Incapable neural backends: If the available backends are too weak for a sub-task (e.g., answering a fine-grained VQA with only small backends), the policy may still fail despite optimal routing. This is illustrated in Appendix Fig. 7, where using less capable models leads to noticeable drops in accuracy and F1. However, this reflects a limitation of the backend pool, not of the framework itself.

Reference:

[1] Patil, Shishir G., et al. "Gorilla: Large language model connected with massive apis." Advances in Neural Information Processing Systems 37 (2024): 126544-126565.

[2] Qin, Yujia, et al. "Toolllm: Facilitating large language models to master 16000+ real-world apis." arXiv preprint arXiv:2307.16789 (2023).

[3] Li, Minghao, et al. "Api-bank: A comprehensive benchmark for tool-augmented llms." arXiv preprint arXiv:2304.08244 (2023).

[4] Mialon, Grégoire, et al. "Gaia: a benchmark for general ai assistants." The Twelfth International Conference on Learning Representations. 2023.

[5] Ma, Zixian, et al. "m & m’s: A Benchmark to Evaluate Tool-Use for m ulti-step m ulti-modal Tasks." European Conference on Computer Vision. Cham: Springer Nature Switzerland, 2024.

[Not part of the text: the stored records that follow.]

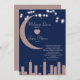 Blush Rose Navy Nightime Skyline Wedding Invitation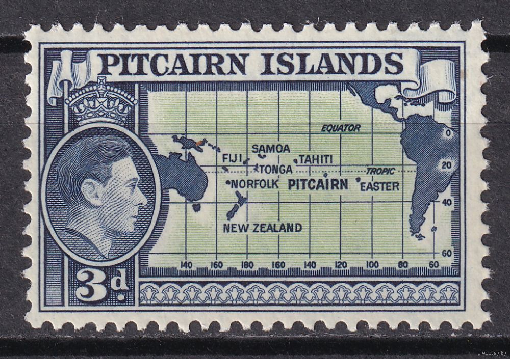 168.BrK. Великобритания. Колонии. Острова Питкэрн. Георг VI. Местные мотивы. 1940 г. 3P. Mi.#5.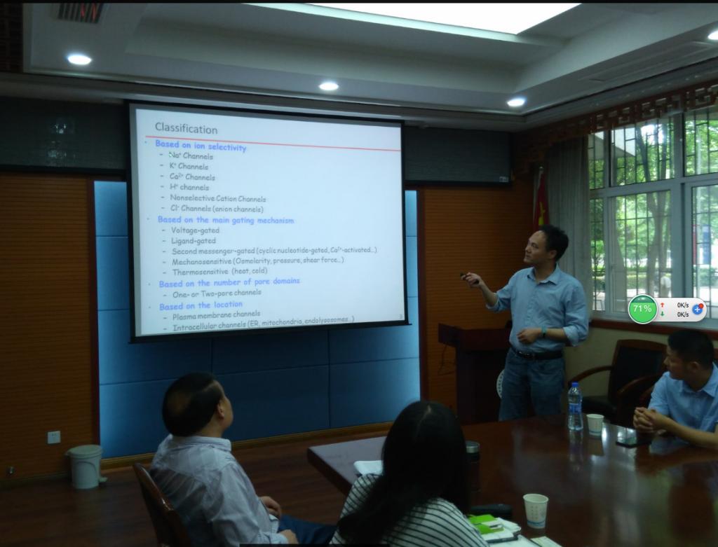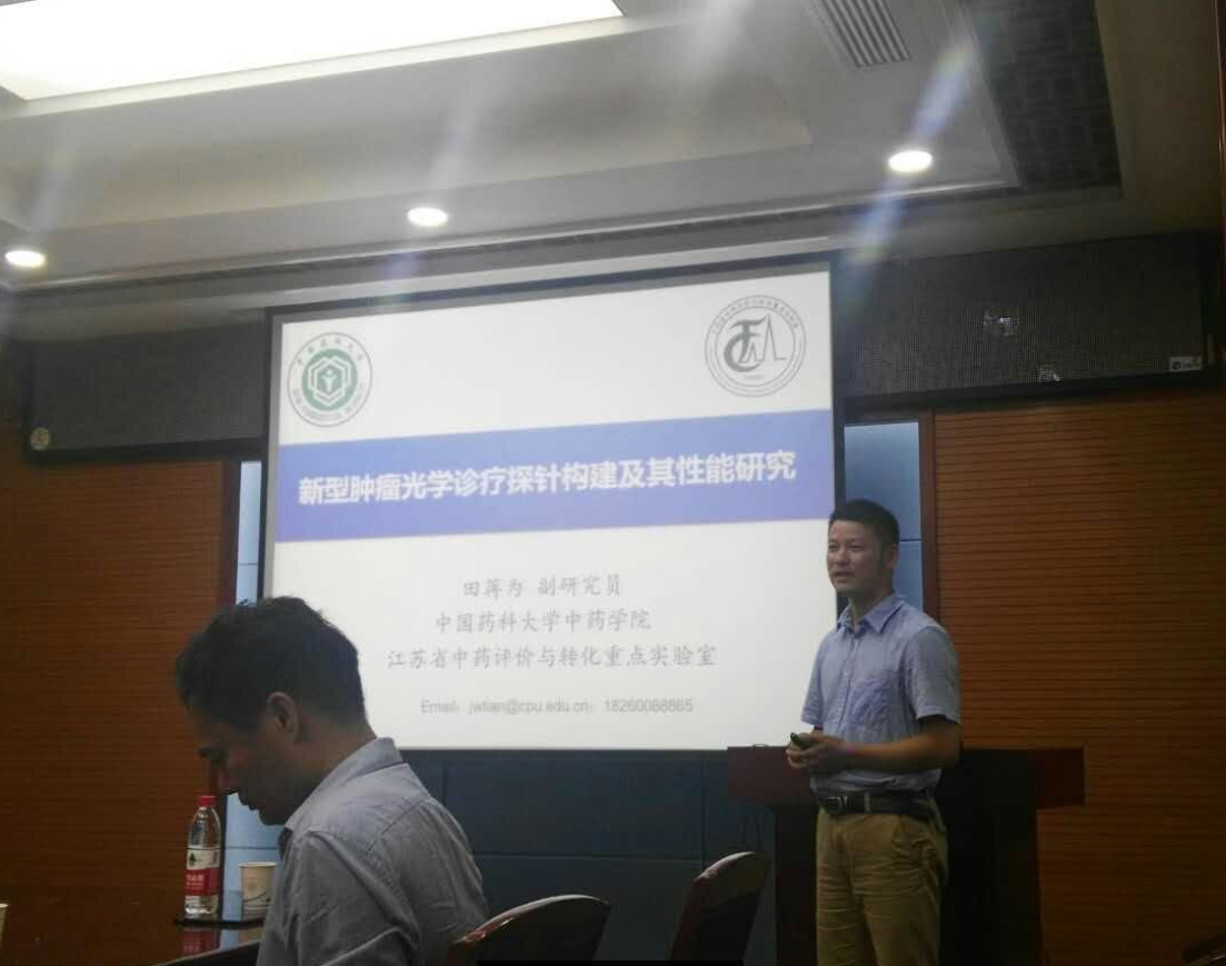 2017年5月23日,受药学院邀请,中国药科大学曹征宇教授、田蒋为副研究员来我院进行了题为“Ion Channels-Pathological Effects and Drug Discovery”、“新型肿瘤光学诊疗探针构建及其性能研究”的学术报告。报告由药学院中药系主任阮汉利教授主持,药学院游慧娟教授、曾静副教授等老师和各年级研究生参加了交流。
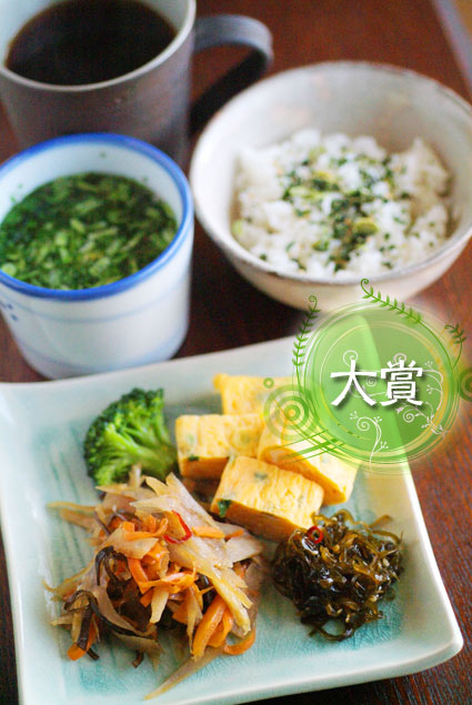 朝ごはん特集 138回目です♪ 今回の「勝手に大賞」は、↓こちら♪ 「たらこおにぎり大好きで賞♪」やっぱり、元気が出るおにぎり^^ほうれん草のおひたし、おにぎりの後ろには…貧血予防の鶏レバーの甘辛煮も。慣れてきましたよ〜キンピラごぼうや、人参のみそ漬け。カプチーノがあるから、休日の朝ごはん。こちらも休日の朝です。いただき物のカステラで(∩゚∀`∩)ワタクシ、朝に甘いものはOKなんです♪長芋おろしです。とろろごはん。山わさびの醤油漬けをたっぷり〜♪焼いて冷凍したパンケーキ。レンチンで温めて。ク...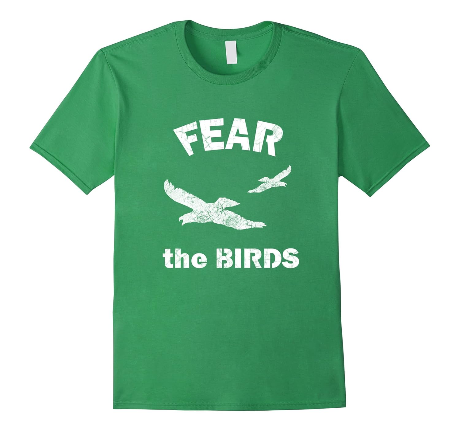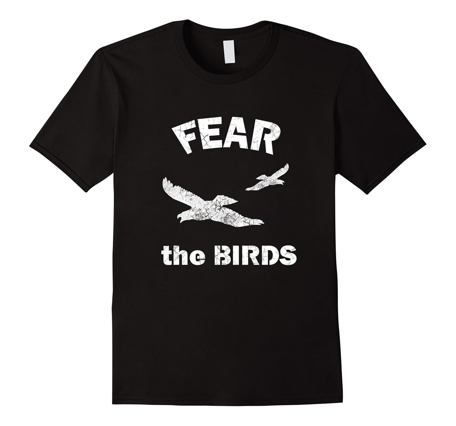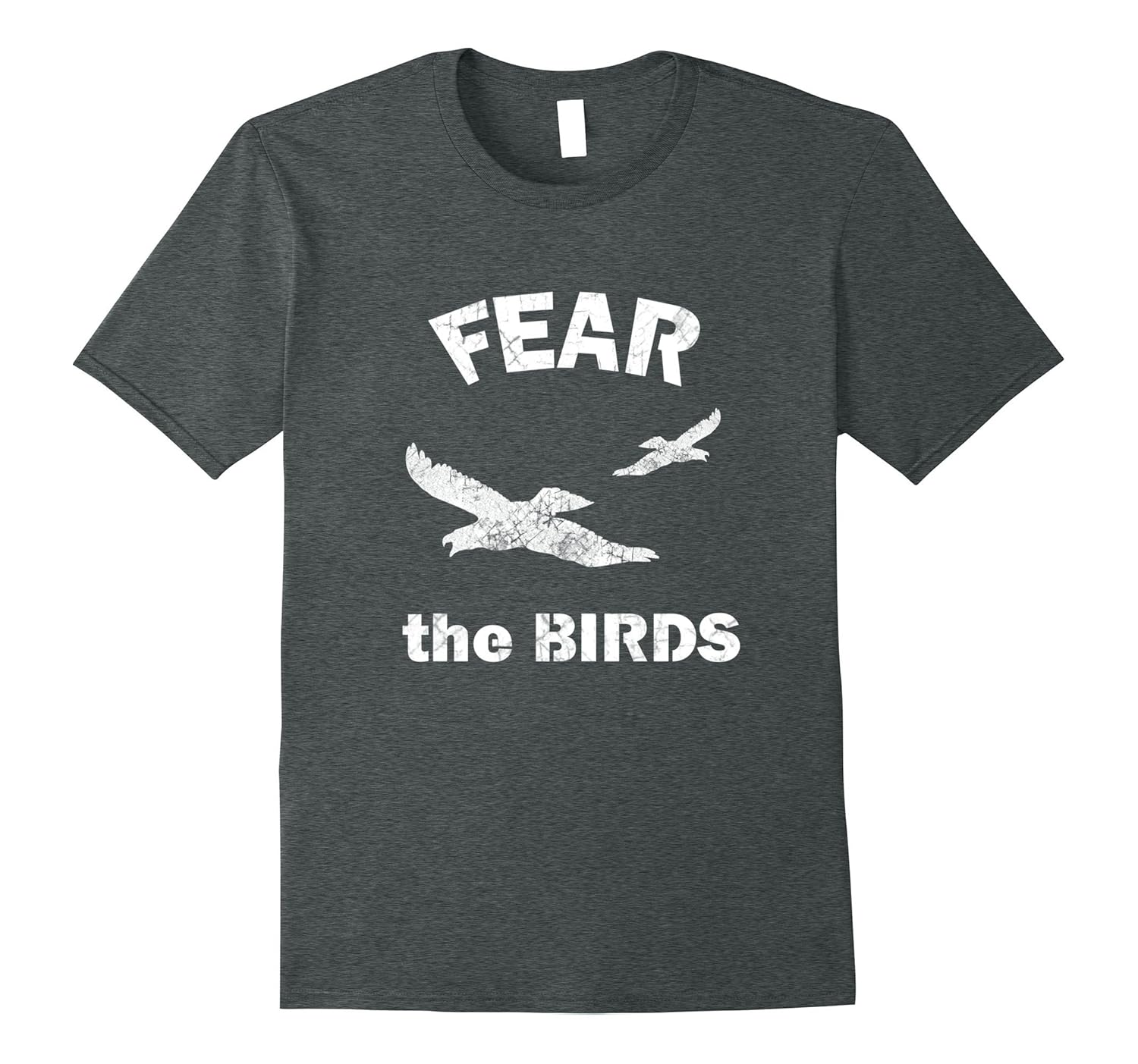 Solid colors: 100% Cotton; Heather Grey: 90% Cotton, 10% Polyester; All Other Heathers: 65% Cotton, 35% Polyester, Imported, Machine wash cold with like colors, dry low heat, This cool animal phobia t shirt has the words FEAR THE BIRDS in an epic sporty white distressed font. The word fear wraps around THE BIRDS and the TWO SWOOPING BIRDS ARE FLYING AROUND above the words THE BIRDS, T Shirt makes a great gift for animal lovers, especially BIRD lovers, who fear of being attacked by preditor birds like falcons ravens vultures hawks or eagles. Great T shirt for summer bird watching or for hunting season to wear while watching football, Lightweight, Classic fit, Double-needle sleeve and bottom hem

[6] Wang, Jize, et al. "GTA: a benchmark for general tool agents." The Thirty-eight Conference on Neural Information Processing Systems Datasets and Benchmarks Track. 2024.

2025-06-06

Thank you for the response. I don't have further questions.

2025-06-10

Thank you for your follow-up and for engaging with our rebuttal. If any additional questions arise, we’d be glad to address them during the discussion period. If our responses and the supplementary results have satisfactorily addressed your concerns, we would be grateful if you would consider reflecting that in your final assessment. Thank you again for your time!

最终决定Accept

2025-07-08

This paper introduces foundation model programs (FMPs), offering a solution to the growing challenge of inference-time resource costs for large foundation models. By translating tasks into programs and learning policies for resource allocation, the proposed method allows simpler tasks to be handled by smaller, cheaper models, while more complex tasks utilize larger, more capable models. The authors also introduce two benchmarks for binary and open-form visual question answering. The proposed approach demonstrates significant resource savings with minimal accuracy loss.

Pros:

The proposed approach is suitable for real-world deployment where computational resources are constrained.
The proposed streaming tasks are new for agentic evaluation.
The authors conduct comprehensive analyses of the proposed FMPs and new benchmarks.

Cons:

The implementation of the system, which includes code generation, program synthesis, and dynamic backend selection, is complex and may be challenging to integrate into existing systems. The authors promise to add the discussion of the incorrect workflow structure or incapable neural backends in the final version.
Limited Evaluation: The manuscript only reports their performance on streaming tasks. The authors claim the proposed approach is modality-agnostic and promise to add more discussion in the final version.